Stored entries
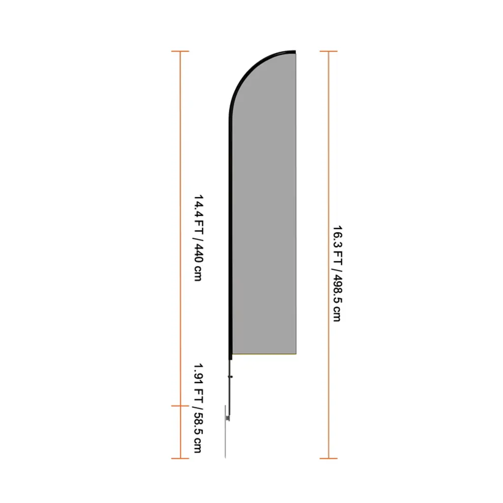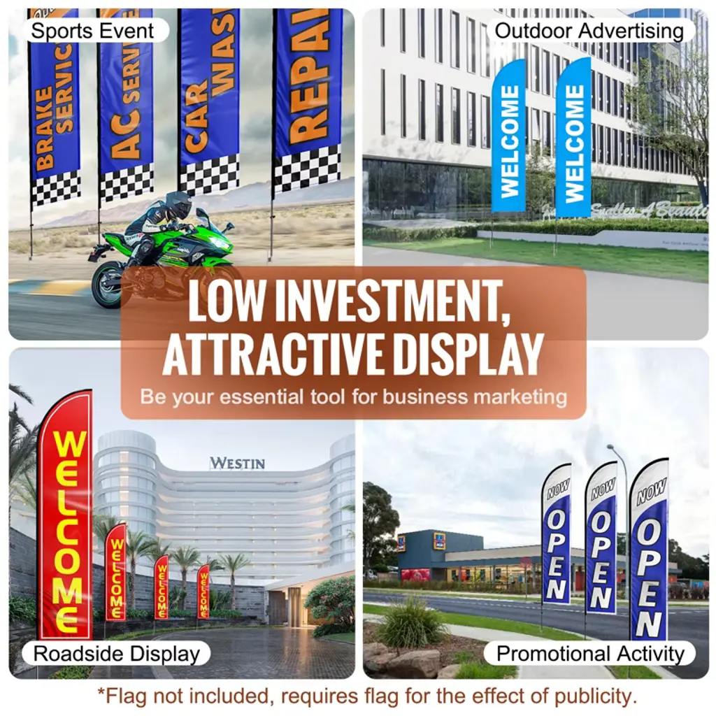 Feature: Premium Material: Crafted from high-quality aluminum alloy and fiberglass with a 1mm wall thickness, this feather flag pole kit is both lightweight and strong. The fiberglass top is corrosion-proof and bend-resistant, offering excellent wind and rust resistance for long-term outdoor use. Large Size, High Visual Impact: The total height: 16.3 ft (including ground stake), the flagpole height: 14.4 ft. Its large size enhances the flag's visibility and draws attention from a distance, ideal for outdoor advertising and events. (Flag not included) Quick Setup, Easy Disassembly: The swooper flag pole kit with a simple design features snap-lock connections and plug-in ground stakes for quick installation and takedown. It is perfect for commercial activities or temporary displays, allowing you to deploy quickly and efficiently. Portable and Convenient: With a dedicated storage bag, this advertising flag pole is easy to carry and set up for outdoor events, trade shows, or temporary displays. Its portability ensures you can display your flag anywhere, meeting diverse needs. Cost-Effective Marketing Tool: Ideal for various feather or teardrop flags, these banner flag poles suit various commercial and event settings. It is a cost-effective choice for increasing brand visibility in outdoor activities, retail storefronts, or busy streets. Package Content 3 x Pack of Feather Flag Poles 1 x Storage Bag 3 x Ground Spikes
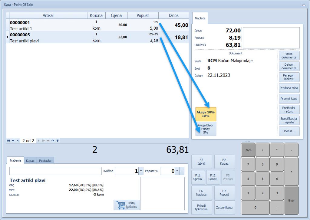 Ovdje smo za “Akcija 10%” odredili da će biti Popust i ići na cijeli dokument, dok će “Akcija Black Friday” biti Akcija samo po artiklu
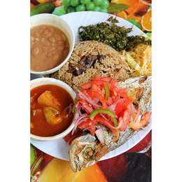 A vegetarian-friendly combo meal served with beans and local staples
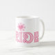 Pretty pink text edged in darker pink and a flower heart is featured on our Dress Up Bride T-shirts, mugs, buttons, magnets, and other items that having a matching groom design!
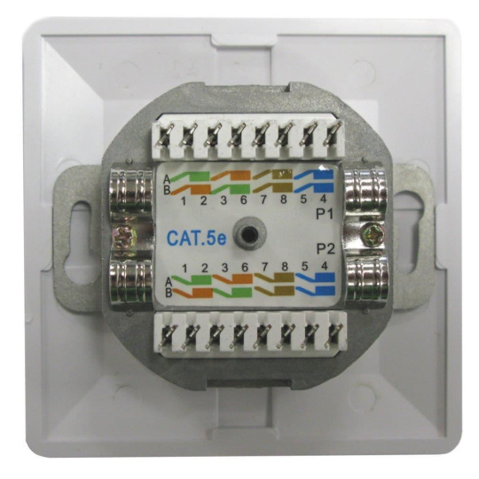 Zásuvka STP 2x RJ45 Cat5E, dvojitá svorkovnica, zapustená
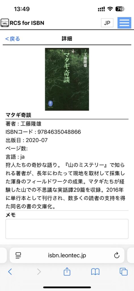 さらに、取得したISBNから書籍の詳細情報をすぐに確認でき、SNSやEメールを通じて簡単に共有することも可能です。
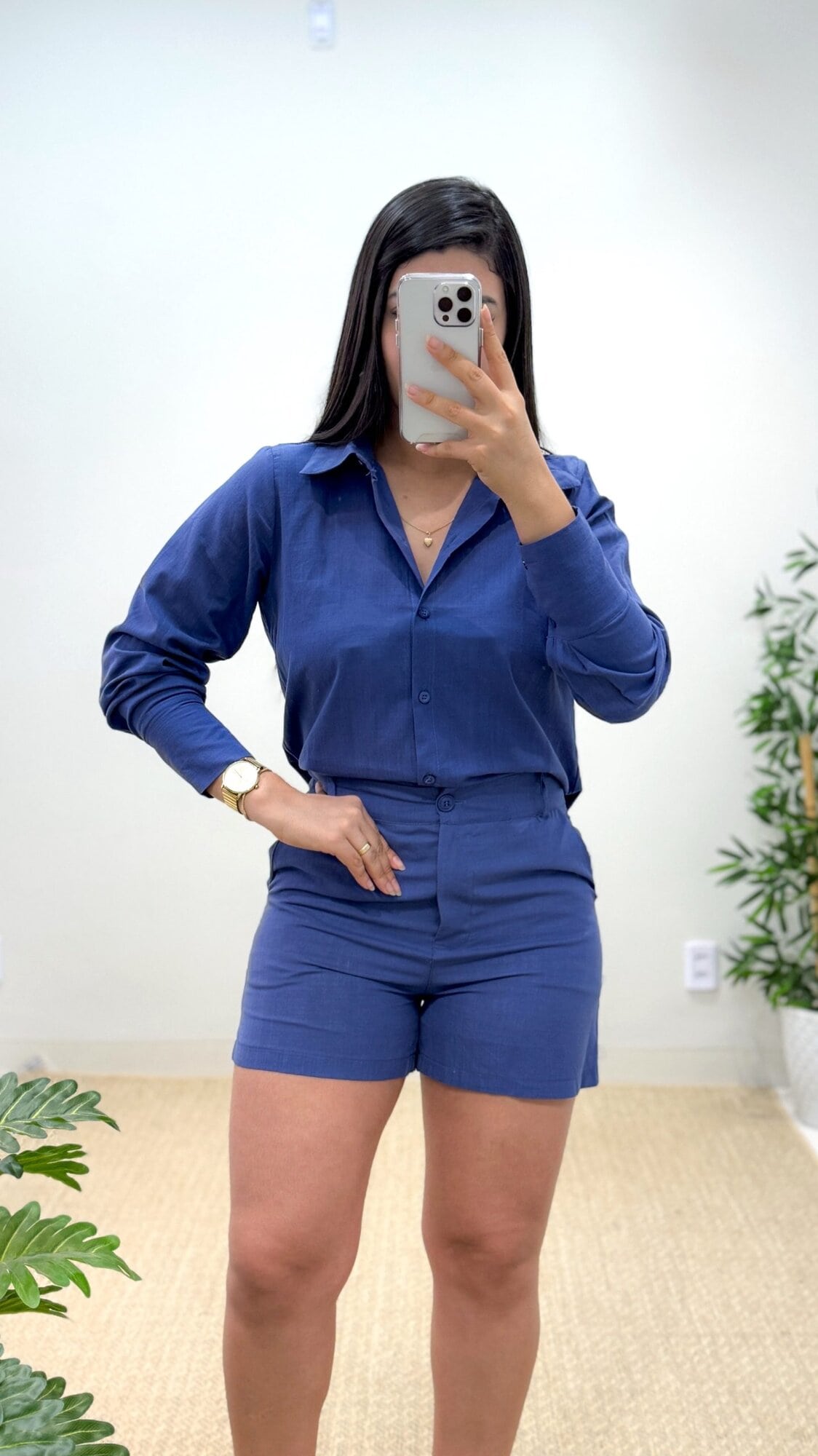 Conjunto social de short e camisa, é um modelo elegante e versátil que possibilita compor looks separadamente e arrasar em diversas ocasiões. (O short possui elástico na parte detrás do cós)
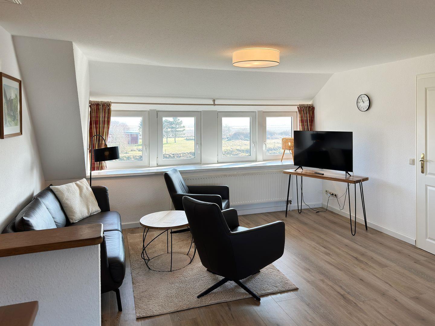 Die Wohnung verfügt über 1 Wohnraum mit Sat-TV, 1 Küche, 2 Schlafzimmer, 1 Badezimmer mit Dusche und WC, 1 Strandkorb im Garten (April bis Oktober). Auf dem Grundstück befindet sich ein Wäscheplatz. Bei Bedarf können Sie die Waschmaschine und den Trockner im Madelwai 7, Haus Strunluuper, nutzen.

_Task prompt_.
Pictures aside, print exactly the lines above starting with the one containing "Zásuvka STP 2x" and going on through the one containing "Conjunto social de".

_Response for this exercise_.
 Zásuvka STP 2x RJ45 Cat5E, dvojitá svorkovnica, zapustená
 さらに、取得したISBNから書籍の詳細情報をすぐに確認でき、SNSやEメールを通じて簡単に共有することも可能です。
 Conjunto social de short e camisa, é um modelo elegante e versátil que possibilita compor looks separadamente e arrasar em diversas ocasiões. (O short possui elástico na parte detrás do cós)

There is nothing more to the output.